Having confirmed the anti-fibrogenic differentiation of the hDFs in the GAS, we next assessed the bioactivity of the secretome produced by the hDFs toward dermal microvascular endothelial angiogenesis and epidermal keratinocytes epithelialization. First, we evaluated the microvascular endothelial angiogenesis in response to the hDFs' CM [Fig. 3(a)]. All the groups demonstrated the ability to support endothelial angiogenesis. Tubulogenesis of the endothelial cells occurred within 6 h of CM stimulation, followed by branching of tubular networks. However, among the groups, the secretome produced by the SDF-1α GAS group exerted the most potent pro-angiogenic response characterized by enhanced endothelial tubulogenesis (55 ± 4) and branching (46 ± 3). Angiogenic response induced by the SDF-1α GAS group was significantly (p < 0.05) higher than all the groups. The gene-free scaffold group and the other GAS groups showed no differences in the secretome pro-angiogenic bioactivity.

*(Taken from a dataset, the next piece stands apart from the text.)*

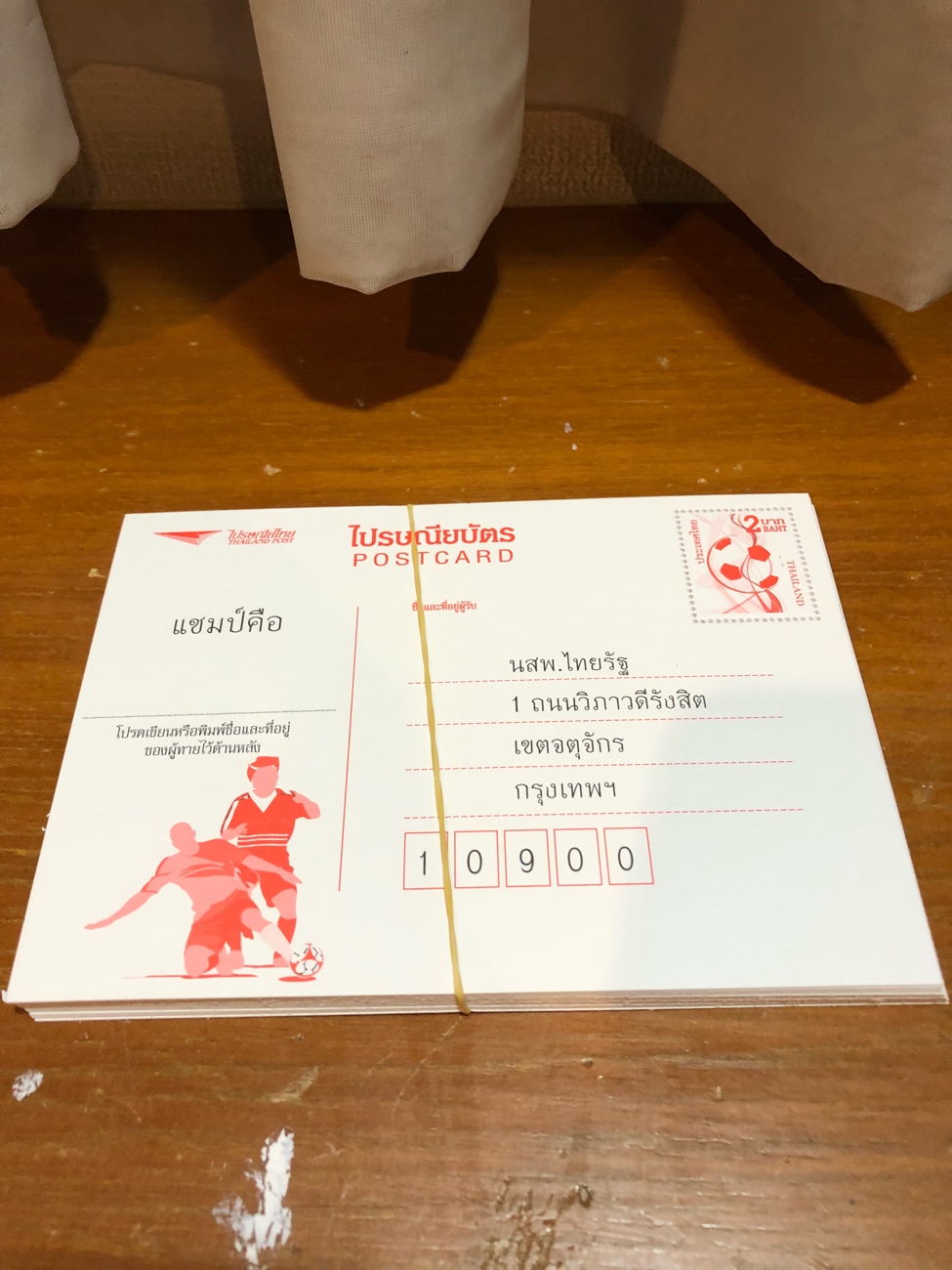 รบกวนสอบถามผู้รู้ว่า หลังไปรษณีย์บัตรทายบอลโลกกับไทยรัฐ ใช้ตราประทับชื่อและที่อยู่แทนการเขียนได้มั้ยครับ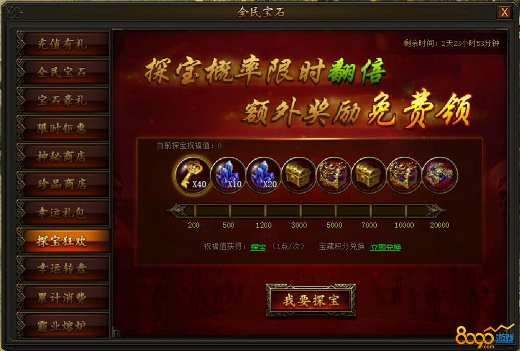探宝超值回馈限时开启!活动期间探宝可获得祝福值,祝福值达到一定数值即可领取霸业装备奖励!

The second bioactivity test was to assess the secretome's pro-epithelializing potency. Upon CM treatment, the epidermal keratinocytes self-assembled into cell sheets and continued to expand until 48 h post-treatment [Fig. 3(b)]. However, contrary to the angiogenic findings, the dual GAS group exerted the most potent pro-epithelializing effect in the keratinocytes. The keratinocyte cell sheet grew significantly (p < 0.05) larger at both time points than gene-free and SDF-1α GAS groups. Cell sheet area in the dual GAS group stimulated keratinocytes grew from 2.1 ± 0.13 mm² at 24 h to 2.9 ± 0.2 mm² by 48 h. Keratinocytes stimulated by the gene-free scaffold group formed a much smaller cell sheet of 1.65 ± 0.12 mm² at 24 h that grew to 2.25 ± 0.14 mm² by 48 h.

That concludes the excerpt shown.